The sunlight was reflected by the iron roofs of Merino situated midway up the vast rise of land reaching to the western horizon. The bush lay like an old and moth-eaten brown carpet, the holes in it red with the sandy soil; and the green of the pepper-trees lining the street of the township made striking contrast. To the north, close to the huge sand range, were the roofs of Wattle Creek homestead, and the sun glinted on the fans of a windmill in action. At Bony’s feet was the little iron hut and mill at Sandy Flat; whilst to the south, also close to the Walls of China, roofs and a windmill marked the home of Mrs Sutherland.

It appeared mathematically impossible for the entire bulk of this mighty sand range to have been raised from the strip of white sand country upon which it was founded. As yet he could see no eastern limits, for the bushlands to the east were lower than the “roof” on which he stood. Here and there pillars of sandstone rose like monoliths from the “roof”, some twenty feet, others thirty feet high. And those pillars possibly indicated that the Walls of China had not been raised by the wind but by an earth upheaval, that out of the bowels of the earth this section of white sand had been heaved to become the sport of the West Wind, to wear it out and away from the hard cores.

Bony turned to the east and continued to follow the almost invisible tracks of the man who wore sacking about his feet. Ahead, about midway to the farthest limits seen of the sand range, a party of crows were vociferously engaged with something lying on the sand. The object he could not see, but their antics proved that something did lie there. Some of the birds were flying in erratic circles; others were on the white sand like blots of ink on paper.

The man tracks did not extend directly to the object of interest to the crows, but when they reached a point close to it, he left the tracks and walked the short distance to ascertain what it was.

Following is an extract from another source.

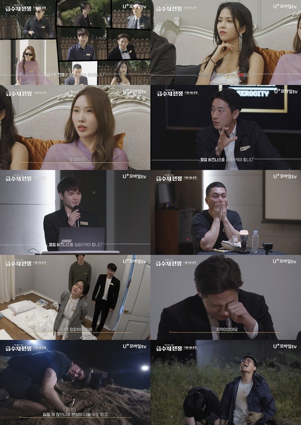 이런 가운데 '금수저 전쟁' 측은 '금수저'들의 평소 초럭셔리 일상부터 '제로시티' 입성, 그 안에서 펼쳐지는 동맹과 견제, 처절한 눈물과 밑바닥 싸움까지 서바이벌의 모든 것을 함축한 메인 예고를 공개해 시선을 강탈한다.
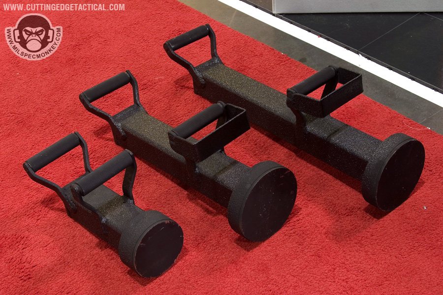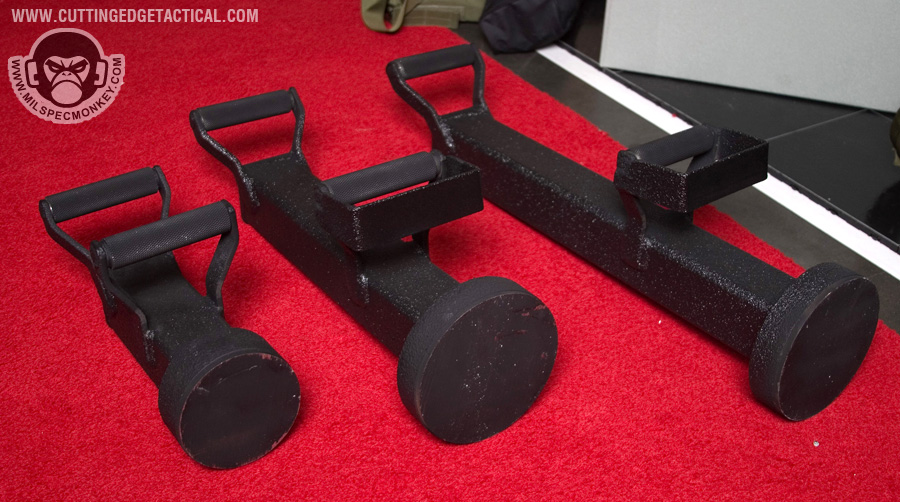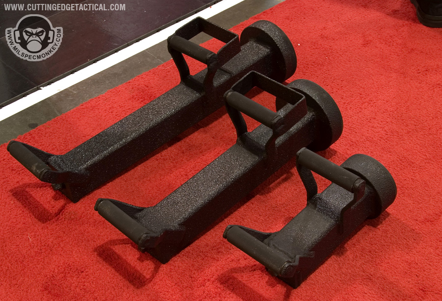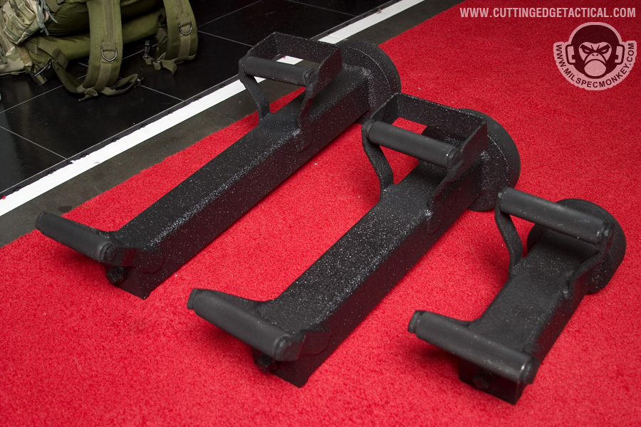 CET specializes in heavy duty gear for the more "rough" tasks of tactical operations. Starting off with the door rams, they look simple offhand, but work great with rollers on the handles. This allows for the classic door busting movements to be performed as easy as possible. 3 sizes are available and it appeared all could have extra weight added through a bolt hole. Most of the ladder systems consist of a simple, but effective joint cover system and range from double pole to single with steps. Not shown was an awesome hook and pole ladder that broke out into a cargo style ladder. I hope to have a video demo later. Also available were almost all the classic manual breaching tools in collapsible form. Using a heavy duty spring lever, the tools can be deployed from compact 17" to 28" extended with gravity. Tolerances are loose to keep smooth operations in harsh environments. I'm keeping things a little vague here since I have 2 great video demos available:

At his approach the birds whirled upward in flight, cawing angrily, some to alight on the sand and continue their loud protest at his intrusion.

In a small and shallow declivity lay the body of an animal which Bony instantly recognized as young Jason’s brown and white dog with the nail missing in its right forepaw: The crows had ripped out its entrails, but the manner in which the dead animal lay revealed clearly that it had died from takinga poison bait.

Bony considered, thoughtfully gazing over the roof of sand and thereby maintaining the anger of the crows. He could see nothing other than the roof of the Walls of China, limited to the east and west by the blue of the sky, to the south and north by endless slopes and summits of whalebacks lying in shimmering faintly purple opalescence. And here and there those strange cores of sandstone behind which could shelter a corps of spies… or one man armed with a rifle.

Within yards of the carcass the crows had obliterated the last tracks made by the living animal. Bony found them at the edge of the crow-disturbed area, and backtracked. He came to the place where the unfortunate animal had lain in a spasm of agony and, still farther along, to another where it had endured probably its first. Continuing to backtrack, he reached the slight indentations made by the man who had visited Sandy Flat, and then it was established that the man had been on his way to Sandy Flat from the east country, and that the dog had been following his trail when it picked up the poison bait.